The project is organized into the following main directories:

configs: Contains configuration files for different models and datasets.
data: Contains the raw and processed data files used for training and evaluation.
evaluation: Metrics and scripts for evaluating the models.
models: Contains the implementation of the models used for trajectory generation.
utils: Utility functions and classes used throughout the project.

Train

The train.py script is used to train a flight trajectory generation model. The models are saved in a folder with the model name. The folder contains the best model and the model configuration file.

Arguments

Argument	Type	Default	Description
`--config_file`	`str`	`./configs/config.yaml`	Path to the main configuration file for the model config.
`--dataset_config`	`str`	`./configs/dataset_landing_transfer.yaml`	Path to the dataset-specific configuration file.
`--data_path`	`str`	`./data/resampled/combined_traffic_resampled_200.pkl`	Path to the training dataset file.
`--artifact_path` / `--artifact_location`	`str`	`./artifacts`	Directory where training artifacts will be saved.
`--cuda`	`int`	`0`	GPU index to use for training.

Example

python train.py \
  --config_file ./configs/config.yaml \
  --dataset_config ./configs/dataset_landing_transfer.yaml \
  --data_path ./data/resampled/combined_traffic_resampled_200.pkl \
  --artifact_path ./artifacts \
  --cuda 0

Evaluate

The evaluate.py script is used to evaluate the flight trajectory generation model.

Arguments

Argument	Type	Default	Description
`--model_name`	`str`	`AirDiffTraj`	Name of the model to run.
`--data_path`	`str`	`./data/resampled/combined_traffic_resampled_200.pkl`	Path to the input data file.
`--dataset_config`	`str`	`./configs/dataset_landing_transfer.yaml`	Path to the dataset configuration file.
`--artifact_path` / `--artifact_location`	`str`	`./artifacts`	Directory to store artifacts such as outputs or logs.
`--cuda`	`int`	`0`	GPU index to use.
`--perturb`	`flag`	`False`	Run Evaluate for perturbation model.

Example

Run the model in evaluation on GPU 0:

python evaluate.py \
  --model_name AirDiffTraj \
  --data_path ./data/resampled/combined_traffic_resampled_200.pkl \
  --dataset_config ./configs/dataset_landing_transfer.yaml \
  --artifact_path ./artifacts \
  --cuda 0 \

Training and Evaluation

The train_evaluate_pipeline.py script combines training and evaluation for the flight trajectory generation model.

Arguments

Argument	Type	Default	Description
`--config_file`	`str`	`./configs/config.yaml`	Path to the main training configuration file.
`--artifact_path` / `--artifact_location`	`str`	`./artifacts`	Directory to save artifacts (models, logs, etc.).
`--data_path`	`str`	`./data/resampled/combined_traffic_resampled_200.pkl`	Path to the input data file.
`--dataset_config`	`str`	`./configs/dataset_landing_transfer.yaml`	Path to the dataset configuration file.
`--model_name`	`str`	`None`	Optional name for the model (e.g., `AirDiffTraj`).
`--perturb`	`flag`	`False`	Apply perturbations to input data for robustness testing.
`--cuda`	`int`	`0`	GPU index to use.

Example

Train and evaluate a model on GPU 0:

python train_evaluate_pipeline.py \
  --config_file ./configs/config.yaml \
  --data_path ./data/resampled/combined_traffic_resampled_200.pkl \
  --artifact_path ./artifacts \
  --model_name AirDiffTraj \
  --dataset_config ./configs/dataset_landing_transfer.yaml \
  --cuda 0

Transfer Learning

🔁 Transfer Learning Pipeline

The pipeline_transfer_learning.py script is designed for transfer learning experiments using the flight trajectory generation model.

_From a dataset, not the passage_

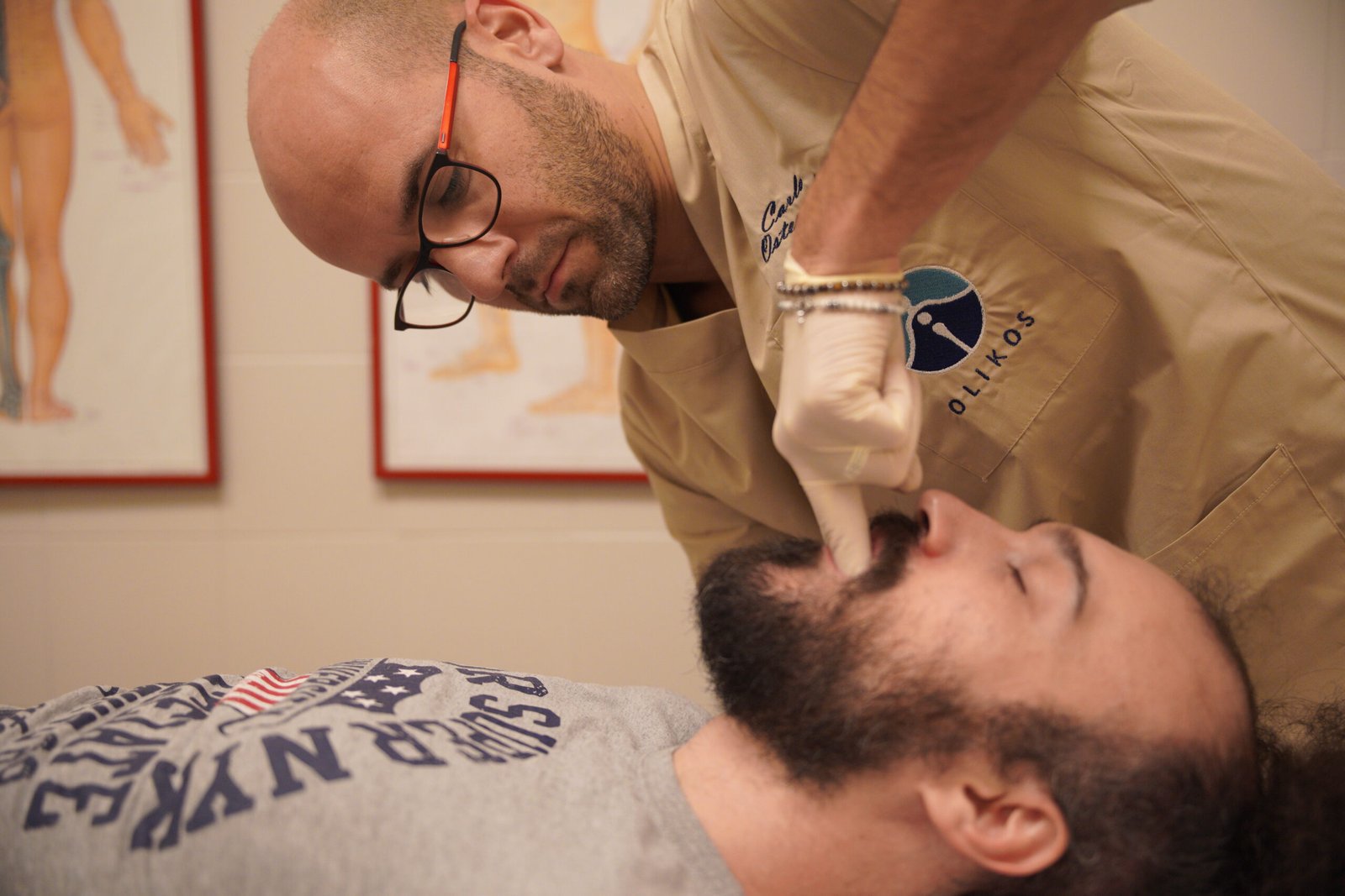 Carlo ha conseguito un master specifico sull’approccio stomatognatico-osteopatico integrato presso formazione avanzata focalizzata su lingua, deglutizione atipica e ortodonzie in età evolutiva. Panos integra questa visione con la sua esperienza in posturologia, analizzando come l’ATM (articolazione temporo-mandibolare) influenzi i recettori posturali. L’approccio Olikos è unico perché collabora attivamente con dentisti, ortodontisti e logopedisti del territorio: l’osteopata non sostituisce l’odontoiatra ma integra il suo lavoro rendendo i trattamenti ortodontici più efficaci, veloci e stabili nel tempo.

It allows running training, single evaluation, or batch evaluations across a dataset split. The script supports GPU configuration. It trains and evaluates the pretrained model on the different datasplits.

Arguments

Argument	Type	Default	Description
`--model_name`	`str`	`AirDiffTraj`	Name of the model to use.
`--data_path`	`str`	`./data/resampled/combined_traffic_resampled_landing_EIDW_200.pkl`	Path to the dataset used for training/evaluation.
`--dataset_config`	`str`	`./configs/dataset_landing_transfer.yaml`	Configuration file for the dataset.
`--artifact_location`	`str`	`./data/experiments/transfer_learning_EIDW/artifacts`	Directory where experiment artifacts will be saved.
`--experiment`	`str`	(required)	Name or identifier of the experiment to run.
`--cuda`	`int`	`0`	GPU index to use.
`--eval`	`flag`	`False`	Run a single evaluation using the specified model and data.
`--eval_all`	`flag`	`False`	Run evaluations over all predefined data splits.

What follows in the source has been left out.